▸ Exercise brief:
Among the entries below, copy only the span from the line containing "青海省海北藏族自治州祁連縣風光(8月10日攝,無人機照片)。新華社記者 張龍 攝" through the line containing "类似于整个网站页面为 LLM 设计的导航,里面为markdown格式的各个页面的说明与地址。". Do so exactly, and skip the pictures.

▸ Excerpted data:
=====

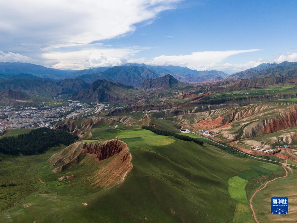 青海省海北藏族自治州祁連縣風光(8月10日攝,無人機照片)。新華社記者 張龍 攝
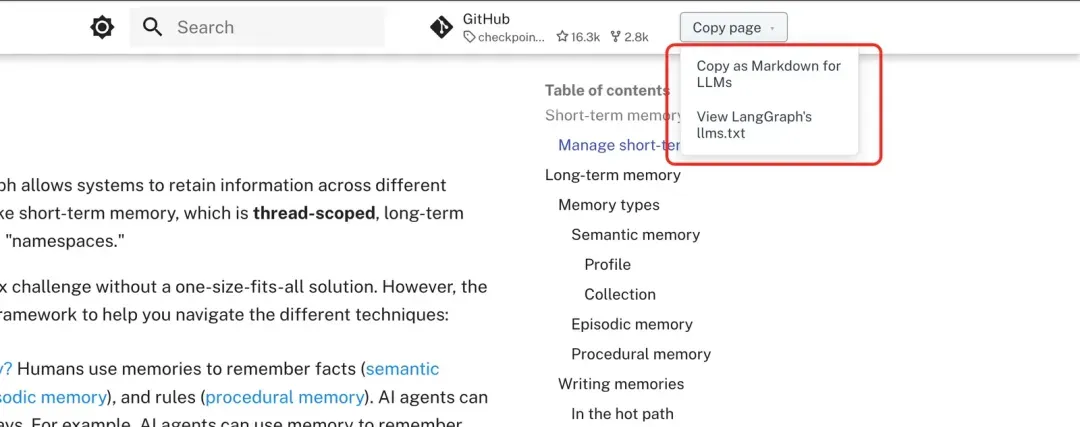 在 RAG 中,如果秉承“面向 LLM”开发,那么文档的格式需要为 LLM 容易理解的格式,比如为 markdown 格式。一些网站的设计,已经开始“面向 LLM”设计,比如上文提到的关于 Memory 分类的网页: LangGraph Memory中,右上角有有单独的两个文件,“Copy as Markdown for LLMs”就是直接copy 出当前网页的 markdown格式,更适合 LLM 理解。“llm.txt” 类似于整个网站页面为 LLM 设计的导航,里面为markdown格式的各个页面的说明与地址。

=====

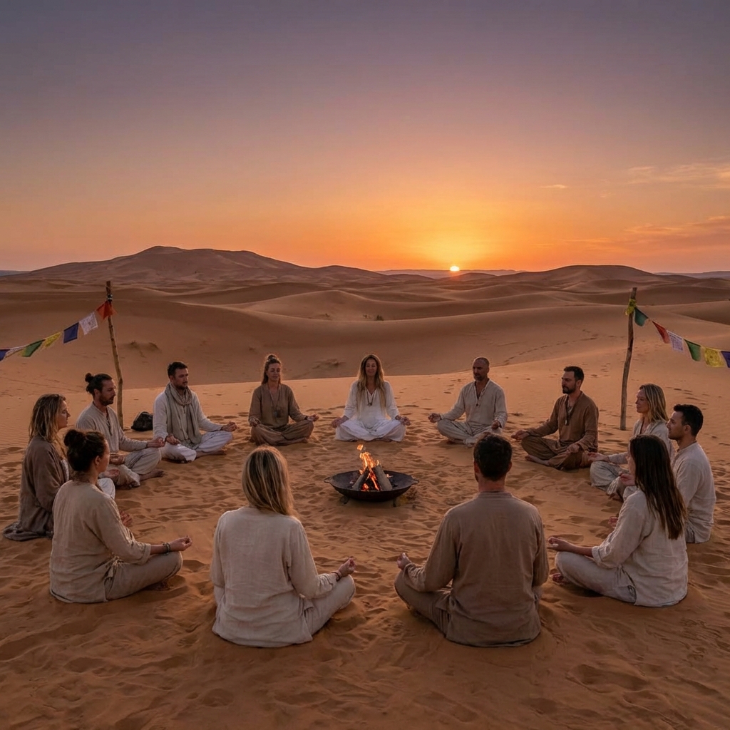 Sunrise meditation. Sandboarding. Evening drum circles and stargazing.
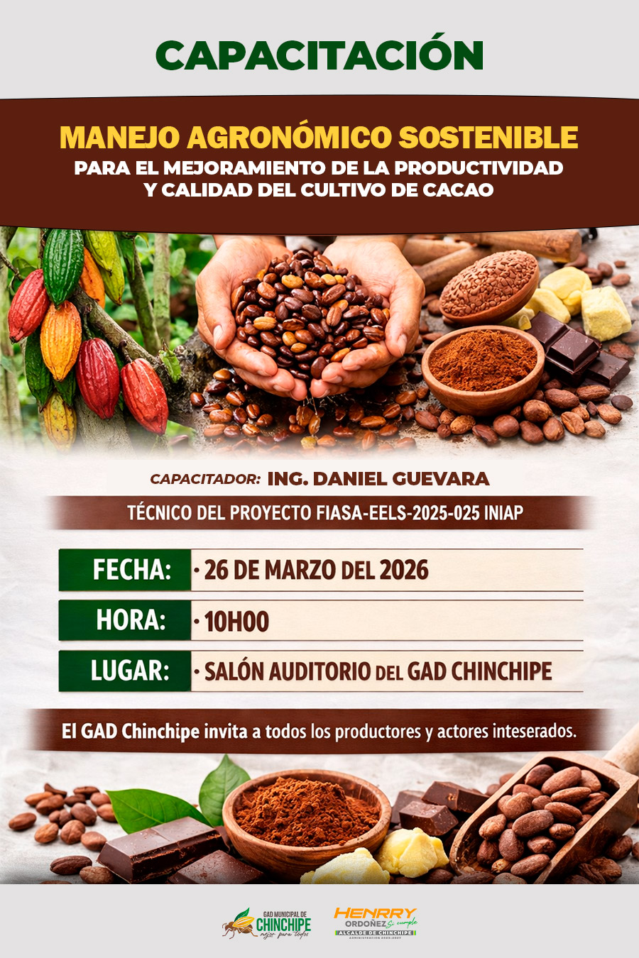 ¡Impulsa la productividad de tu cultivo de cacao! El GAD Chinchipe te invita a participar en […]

=====

▸ Result:
 青海省海北藏族自治州祁連縣風光(8月10日攝,無人機照片)。新華社記者 張龍 攝
 在 RAG 中,如果秉承“面向 LLM”开发,那么文档的格式需要为 LLM 容易理解的格式,比如为 markdown 格式。一些网站的设计,已经开始“面向 LLM”设计,比如上文提到的关于 Memory 分类的网页: LangGraph Memory中,右上角有有单独的两个文件,“Copy as Markdown for LLMs”就是直接copy 出当前网页的 markdown格式,更适合 LLM 理解。“llm.txt” 类似于整个网站页面为 LLM 设计的导航,里面为markdown格式的各个页面的说明与地址。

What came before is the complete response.